Perform the model tuning.

best_error <- Inf
best_max_depth <- NA
best_eta <- NA 
best_nrounds <- NA
best_colsample_bytree <- NA
best_sabsample <- NA

cv_folds <- 5
cv_seed <- 123
# Loop through all combinations of the hyperparameters
for (max_depth in max_depth_grid) {
  for (eta in eta_grid) {
    for (nrounds in nrounds_grid) {
      for (colsample_bytree in colsample_bytree_grid) {
        for (subsample in subsample_grid) {
          # Set up the parameters for the current combination
          params <- list(
            objective = "binary:logistic",
            eval_metric = "error",
            max_depth = max_depth,
            eta = eta,
            colsample_bytree = colsample_bytree,
            subsample = subsample
          )

          # Perform cross-validation for the current combination
          cv_result <- xgb.cv(
            data = train_x,
            label = train_y,
            params = params,
            nrounds = nrounds,
            nfold = cv_folds,
            stratified = TRUE,
            seed = cv_seed,
            verbose = 0,
            early_stopping_rounds = 10
          )

          # Update the best values if the current combination has a lower error rate
          min_error <- min(cv_result$evaluation_log$test_error_mean)
          if (min_error < best_error) {
            best_error <- min_error
            best_max_depth <- max_depth
            best_eta <- eta
            best_nrounds <- nrounds
            best_colsample_bytree <- colsample_bytree
            best_subsample <- subsample
          }
        }
      }
    }
  }
}

Train the model using the hyperparameter from the result of the grid search.

best_params <- list(
  objective = "binary:logistic",
  eval_metric = "error",
  max_depth = best_max_depth,
  eta = best_eta
)

model_xg_grid <- xgboost(
  data = train_x,
  label = train_y,
  params = best_params,
  nrounds = best_nrounds,
  verbose = 0
)

predict_xg_grid <- predict(model_xg_grid, test_x)

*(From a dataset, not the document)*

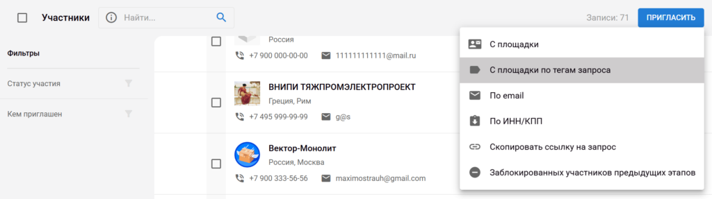 ИИ-алгоритм площадки сам подбирает кандидатов по нужным параметрам и высылает им приглашения на участие в закупке

Show the hyperparameters from grid search.

Best Hyperparameters
Parameters	Values
max_depth	7.0
eta	0.1
nrounds	100.0
subsample	0.6
colsample_bytree	0.9

Table 8 above shows the best hyperparmeters obtained from the grid search technique.

The preformance of XGBoost + Grid Search has been improved to 78.229% of the result correct.

4. Blending

Blending is a very common technique used in machine learning. The idea behind blending is that the strengths of individual models compensate for the weaknesses of others, resulting in a more robust and accurate prediction.

blending <- function(predict_xg,predictions_rf,predictions_cv){
  predict_blend <- weight1 * predict_xg + weight2 * predictions_rf + weight3 * predictions_cv
}

weight1 <- 1/3
weight2 <- 1/3
weight3 <- 1/3

prediction_blend <- blending(predict_xg,predictions_rf,predictions_cv)

By changing the weights of each model in blending, we are able to make the predicted result even better and estimated 82% result correct.

Model Performance Summary

In Table 9 we can find the model performance, and in this dataset Random Forest and XGBoost are the best models.

Model Performance Summary
Model	Accuracy
Logistic Regression	0.77033
CART	0.77511
CART + Cross Validation	0.78229
Random Forest	0.78468
XGBoost	0.77511
XGBoost + Grid Search	0.78229
Blending	0.81862

5. Conclusion

In this report, I have used some plots and mean survival rates to help doing the data cleansing and visualization. After the data preparation, the model that used for this data-set are “Logistic Regression”, “CART”, “Random Forest” and “XGBoost”. Also applied Blending method to find the weighted average of these models, and found a more robust and accurate prediction. The performance of the model can achieve 85% of the result correct.